I have a coroutine as follows:

async def download():
    downloader = DataManager()
    downloader.download()

DataManager.download() method looks like:

def download(self):
    start_multiple_docker_containers()
    while True:
        check_containers_statuses()
        sleep(N)  # synchronous sleep from time module

Is this a good practice?

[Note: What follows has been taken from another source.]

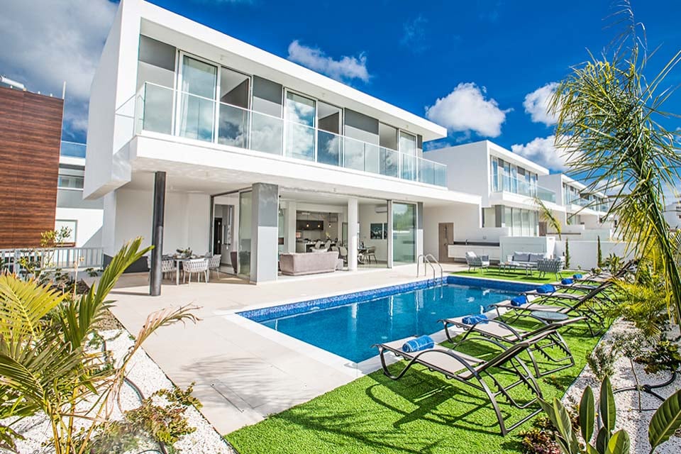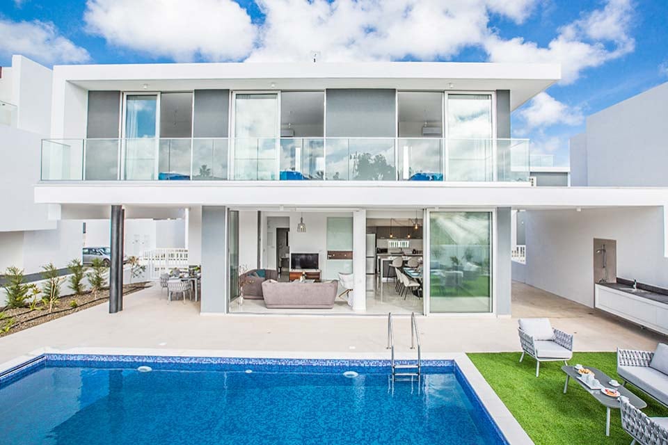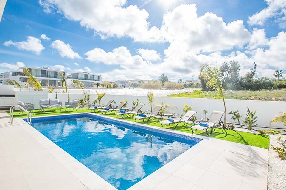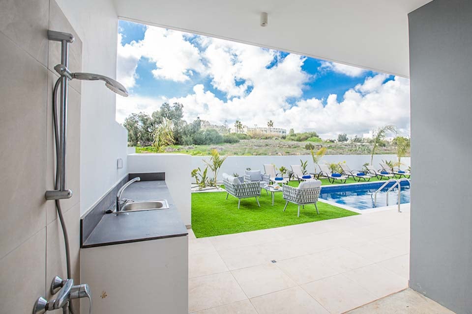 Olivine Villa 21 er en moderne skønhed med firkantet design og elegant arkitektur. Interiøret er oversvømmet med gyldent sollys fra de høje glasvinduer, hvilket får hele opholdsrummet til at føles lyst og varmt. Et bredt sæt skydedøre bringer udefra indenfor og smelter sammen med en moderne lounge designet med enkel indretning, friske hvide vægge og luksuriøse møbler. På den ene side er det fuldt udstyrede køkken, ideelt til selvforplejning, med en stilfuld morgenmadsbar og alt hvad du behøver for at lave lækre måltider. For grillentusiaster er der et dedikeret udendørsområde med bordplade til at tilberede et festmåltid. Spis indenfor omkring det elegante bord eller under den strålende solskin på terrassen.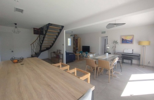 - A living room of approximately 55m²: living room with TV, dining room overlooking the garden, equipped kitchen (Delonghi coffee maker, kettle, toaster, oven, microwave...)

If no, how can I use asyncio.sleep in download()?

Or maybe such code structure is conceptually wrong?

回答1:

Here's my solution:

import asyncio
import time


# Mocks of domain-specific functions
# ----------------------------------

def get_container_status(container_id, initial_time):
    """This mocks container status to change to 'exited' in 10 seconds"""
    if time.time() - initial_time < 10:
        print("%s: container %s still running" % (time.time(), container_id))
        return 'running'
    else:
        print("%s: container %s exited" % (time.time(), container_id))
        return 'exited'

def is_download_complete(container_id, initial_time):
    """This mocks download finished in 20 seconds after program's start"""
    if time.time() - initial_time < 20:
        print("%s: download from %s in progress" % (time.time(), container_id))
        return False
    else:
        print("%s: download from %s done" % (time.time(), container_id))
        return True

def get_downloaded_data(container_id):
    return "foo"


# Coroutines
# ----------

async def container_exited(container_id, initial_time):
    while True:
        await asyncio.sleep(1) # == setTimeout(1000), != sleep(1000)
        if get_container_status(container_id, initial_time) == 'exited':
            return container_id

async def download_data_by_container_id(container_id, initial_time):
    container_id = await container_exited(container_id, initial_time)
    while True:
        await asyncio.sleep(1)
        if is_download_complete(container_id, initial_time):
            return get_downloaded_data(container_id)


# Main loop
# ---------

if __name__ == "__main__":

    initial_time = time.time()

    loop = asyncio.get_event_loop()

    tasks = [
        asyncio.ensure_future(download_data_by_container_id("A", initial_time)),
        asyncio.ensure_future(download_data_by_container_id("B", initial_time))
    ]

    loop.run_until_complete(asyncio.wait(tasks))

    loop.close()

Results in:

1487334722.321165: container A still running
1487334722.321412: container B still running
1487334723.325897: container A still running
1487334723.3259578: container B still running
1487334724.3285959: container A still running
1487334724.328662: container B still running
1487334725.3312798: container A still running
1487334725.331337: container B still running
1487334726.3340318: container A still running
1487334726.33409: container B still running
1487334727.336779: container A still running
1487334727.336842: container B still running
1487334728.339425: container A still running
1487334728.339506: container B still running
1487334729.34211: container A still running
1487334729.342168: container B still running
1487334730.3448708: container A still running
1487334730.34493: container B still running
1487334731.34754: container A exited
1487334731.347598: container B exited
1487334732.350253: download from A in progress
1487334732.3503108: download from B in progress
1487334733.354369: download from A in progress
1487334733.354424: download from B in progress
1487334734.354686: download from A in progress
1487334734.3548028: download from B in progress
1487334735.358371: download from A in progress
1487334735.358461: download from B in progress
1487334736.3610592: download from A in progress
1487334736.361115: download from B in progress
1487334737.363115: download from A in progress
1487334737.363211: download from B in progress
1487334738.3664992: download from A in progress
1487334738.36656: download from B in progress
1487334739.369131: download from A in progress
1487334739.36919: download from B in progress
1487334740.371079: download from A in progress
1487334740.37119: download from B in progress
1487334741.374521: download from A done
1487334741.3745651: download from B done

As for the sleep() function - no, you shouldn't use it. It blocks the whole python interpreter for 1 second, which is not what you want.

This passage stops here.